With an eye on tourism and development, states keep trying to come up with evocative new taglines. Sometimes they stumble.

The word "love" made out of tires and other material on the beach.
(Sarah Hauser)
For three-quarters of a century, people in distant parts of the country have heard the word "Oklahoma" and thought of an idyllic place with corn as high as an elephant's eye, fringe-covered surreys, boisterous barn-raisings and cowboys who could belt out a tune. "We know we belong to the land," Curly sings at the end of the beloved musical, Oklahoma, "and the land we belong to is grand." Then the whole cast signs off with the words "Oklahoma OK!" It's a matchless celebration of state pride.

And as far back as almost anyone can remember, "Oklahoma OK" has been the state's slogan and overall promotional icon. It's so evocative that no one has dared to challenge it. But Matt Pinnell is determined to. As lieutenant governor and secretary of tourism, he thinks 75 years of Rodgers and Hammerstein are enough. He is on a single-minded crusade to give the state a new slogan, a new icon and perhaps a new self-image. He calls it Project Blue Sky. "You have a whole generation that sees Oklahoma as just OK," he told me, "and they are underwhelmed by that. We need to create a wholesale rebrand. If we don't define who we are, 49 other states will define it for us."

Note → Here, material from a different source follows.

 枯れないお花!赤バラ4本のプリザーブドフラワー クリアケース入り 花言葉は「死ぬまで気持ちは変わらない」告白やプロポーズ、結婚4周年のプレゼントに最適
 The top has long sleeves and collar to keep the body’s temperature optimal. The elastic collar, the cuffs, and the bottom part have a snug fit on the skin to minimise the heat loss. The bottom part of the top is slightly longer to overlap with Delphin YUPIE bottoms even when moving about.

This summer, Pinnell convened a "branding summit" of nearly 100 Oklahomans, many from the advertising or public relations business, to talk about a new identity for the state. By the end of the year, he hopes to have one.

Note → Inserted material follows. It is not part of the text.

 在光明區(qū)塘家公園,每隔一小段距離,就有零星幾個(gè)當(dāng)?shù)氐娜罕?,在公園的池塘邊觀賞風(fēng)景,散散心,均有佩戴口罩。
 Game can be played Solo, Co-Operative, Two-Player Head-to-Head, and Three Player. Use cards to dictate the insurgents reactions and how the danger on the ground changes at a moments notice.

Pinnell's crusade may be the most ambitious effort of its kind anywhere in the country. But the fact is that states all over America are into rebranding these days, trying to find images that not only convey pride but are also the centerpiece of an aggressive economic development campaign. Over the past decade, for example, Michigan, Minnesota and Wisconsin have struggled to outdo each other in the unveiling of new promotional schemes.


The Reputational Arms Race

Michigan deserves most of the credit for starting this reputational arms race. In 2006, in the midst of hard economic times and with the help of a national advertising agency, it launched "Pure Michigan," an evocation of clean wholesomeness that state tourism officials credit with lifting the entire state's spirits and attracting visitors. It's a little hard to see how it did that. Crystal clear lakes and virgin forests can fairly be described as "pure Michigan," but so can the empty factories of Flint and the burned-out neighborhoods of Detroit. Nevertheless, the seeming success of this promotional campaign put its neighboring states on the defensive. "Michigan, Wisconsin and Minnesota have a lot of the same tourist products," a Wisconsin tourism official explained a couple of years ago. "So we want to be different. Who are we compared to Michigan? Who are we compared to Minnesota?"

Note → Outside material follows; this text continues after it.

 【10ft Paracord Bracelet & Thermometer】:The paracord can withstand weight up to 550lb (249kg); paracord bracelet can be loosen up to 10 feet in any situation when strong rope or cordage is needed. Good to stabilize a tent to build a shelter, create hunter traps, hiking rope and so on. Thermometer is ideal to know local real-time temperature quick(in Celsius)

For decades, Wisconsin was content to be "America's Dairyland." Those words began appearing on the state's license plates in 1948, and they are still there. But they are not as ubiquitous as they once were. In an effort to match Michigan, the state now comes up with a new slogan -- or what it calls a tagline -- just about every year. For a while it was "Wisconsin: It's More You!" Then they went with "When You're Having Fun, We're Having Fun." This year, if you go to the state tourism website, you get "Escape to Wisconsin!" None of those do a great deal for me. I'm fine with tourism officials having fun, but I wouldn't visit a state just to show them a good time. Still, they keep trying.

So does Minnesota. Millions of Americans are familiar with its "10,000 lakes" nickname, which has appeared on its license plates since 1950. But this year, apparently worried that the old standby was holding them back, the state launched an ambitious new promotional campaign with the slogan "Find Your True North," and featured it in print, digital and TV ads all over the Midwest. The state tourism director explained that "north helps define us in a way globally that we've never been able to achieve before. I think it will really put Minnesota on the map in a new and unique way." The governor, Tim Walz, told a press conference that the new slogan is a testament to the state's pluckiness and endurance. "When the rest of the country was finding out how cold it was in Minnesota," he told reporters, "Minnesotans were going on with their daily lives, not panicking."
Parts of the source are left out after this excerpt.